This is a very mixed walk, across fields, through woodlands and sunken tracks and lanes. It is essential to have waterproof footwear, as for about 20m you have to walk along a shallow stream at one point. Good boots are OK - it doesn’t need to be wellies.
- Park in the Beaufort Arms car park, Monkswood. There is no landlord to ask permission from at the moment (October 2015).
- Leaving the car park, turn down Glascoed Lane. Walk along the lane, bearing left over the Berthon Brook, and then up and over the disused railway line.
- Take a track on your left to Bryn Farm. Walk straight through the farmyard, then through the gate and follow the slight track keeping the wood on your left-hand side. When you reach the top of the wood stop for a breather, and turn around to take in the view.
- Follow the hedge-line to a stile, and into the next field, and carry more or less straight on towards the house on the horizon. The views are even better from here - you can see from Twm Barlwm via the Folly and Blorenge to the Sugar Loaf. On your left is the boundary fence (covered in warnings) to Glascoed Ordnance Factory, and at the corner of the fence is an elevated pillbox.
- When you reach the gate turn left into the lane, and after about 200m right again into Cwm Road. Follow the lane past the turn to Upper Farm to a wooden footpath sign, pointing you to the left through a field gate.
- Go through or over this gate across the field to a second field gate, then down to the left to the far corner, where a stile takes you back onto the lane.
- Follow the lane down to your right, then right again at the cross-roads.
- After about 100m you follow a track to your left (this is well before the telephone box). Follow the track for around 300m, then turn uphill to the left, following the fence-line. Follow this path until you reach the lane. This area is common land, called Jenny’s Bushes.
- Turn Right on the lane, and follow it until you reach Pergoed Lane on your left. Follow this lane straight down. It reaches a house , carry straight on past the house, through a gate and follow the sunken track in front of you.
- Carry on down the track until it crosses a small stream and comes out on a bend in a lane. Turn down the lane to the left, to a gate leading to Glascoed Fach Farm. Take the footpath signed Little Mill to the right of the farm gate.
- Very soon the path turns into a stream for about 20m. It is shallow, with a good firm bottom but care must be taken, particularly after heavy rain. The path emerges from the right hand side of the stream. Follow it past a couple of houses and back to a lane.
- Turn sharp left down the lane, and follow the signs to Hill House and Hill Barn. When you get to them bear left onto a path alongside the boundary fence. (Avoid the path further to the left, which is very heavily eroded.)

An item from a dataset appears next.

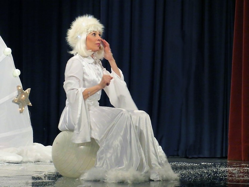 Glasbeno-animacijska predstava z Damjano Golavšek, ki pripoveduje o času, ki prihaja - o zimi. Ta je včasih muhasta. Ravno tedaj, ko vsi, še posebej otroci, pričakujejo sneg, ga noče in noče natrositi. Še dobro, da obstajajo pravljična bitja, ki znajo delati čudeže. Tudi naša Snežna vila je med njimi. Na puhastem oblaku je pravkar pripotovala s severnega tečaja. Pot jo je močno utrudila, zato bo najprej malo zadremala ... Iz sladkega spanja jo zbudi palček. Oder pač ni prostor za spanje, sploh pa na pesmice in sneg čaka veliko otrok. "Otroci zbudimo snežno vilo, pokličimo jo! Snežna viiilaaa!" Zaspanka se prebudi in na preprogi želja s pesmico pričara sneg. Z mladimi gledalci se odpelje v snežno deželo, kjer skupaj zaplešejo snežni ples …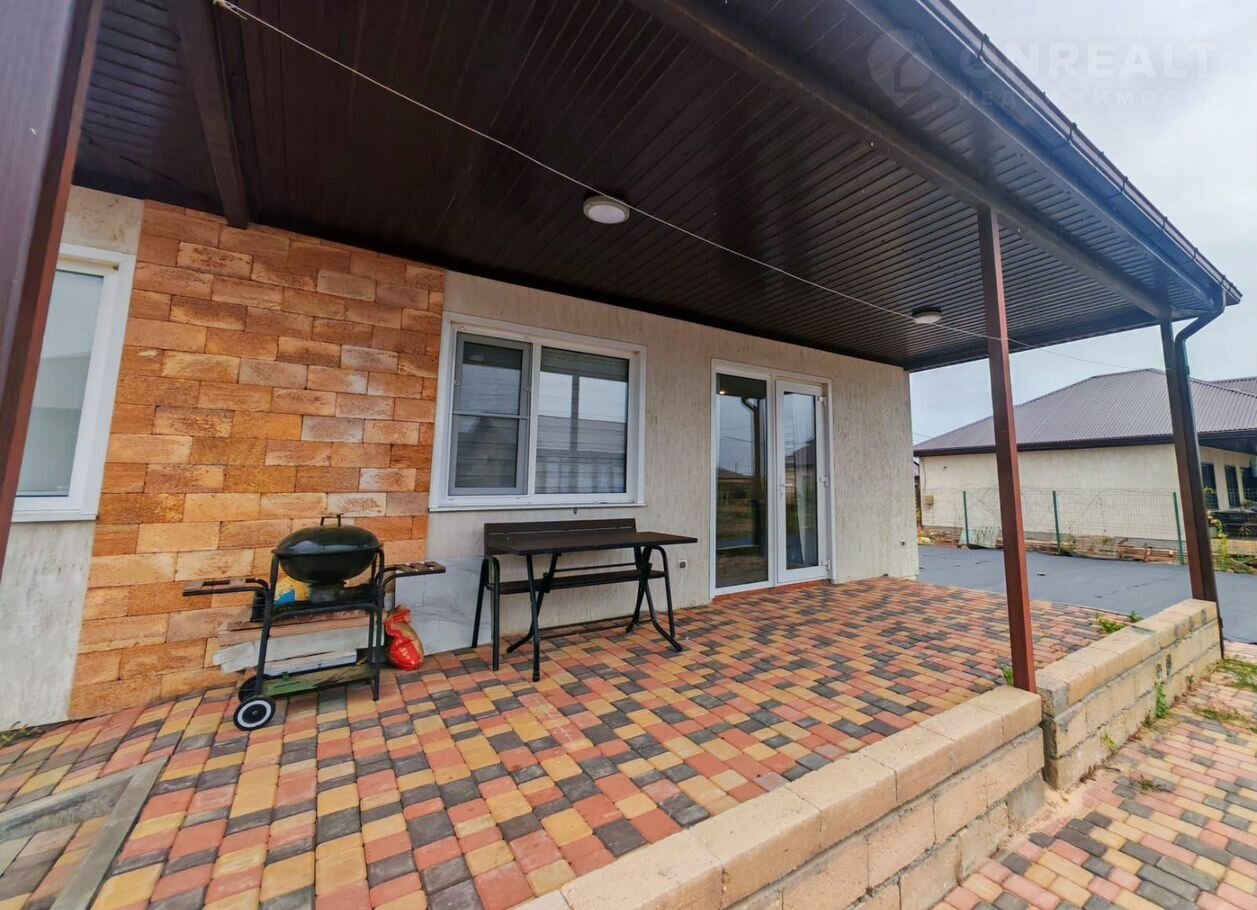 Участок площадью 6 соток полностью благоустроен: по периметру установлен забор с откатными воротами, двор вымощен брусчаткой и включает парковочное место, а также оборудованную зону отдыха на террасе.

- Follow the path downwards until it opens out to a track which bears round to the right, with a sign saying ‘Private Land’. At this point look for a gate ahead and to your left, and take it to cross the disused railway - complete with rusty tracks.
- From the stile on the far side of the railway go slightly right across the next field to a gate and stile to the left of the sheep-pens. Go through and across the field to the next stile, which takes you onto Glascoed Lane again. Turn left and follow it back over the Berthon Brook and back to the Beaufort Arms.
The main point of interest is the one you don’t see - ROF Glascoed - today BAE Systems Munitions Glascoed, but known locally as ‘The Dump’. The site is well hidden by the topography of the valley, and can only be viewed from outside from a few points. Built between February 1938 and April 1940, it reached full production in 1942-43.
This walk crosses the factory’s own branch railway, which had 17 miles of railway in total, bringing 13,000 of its total of 20,000 workers to work each day.
The Folly Tower which can be seen from this walk was demolished at the start of the war, as it was believed to be a marker for Luftwaffe bombers to find the ROF, and not rebuilt until 1994. The Factory was bombed twice. Once by a lone bomber which killed one worker and injured several others - but believed they were bombing Filton airfield.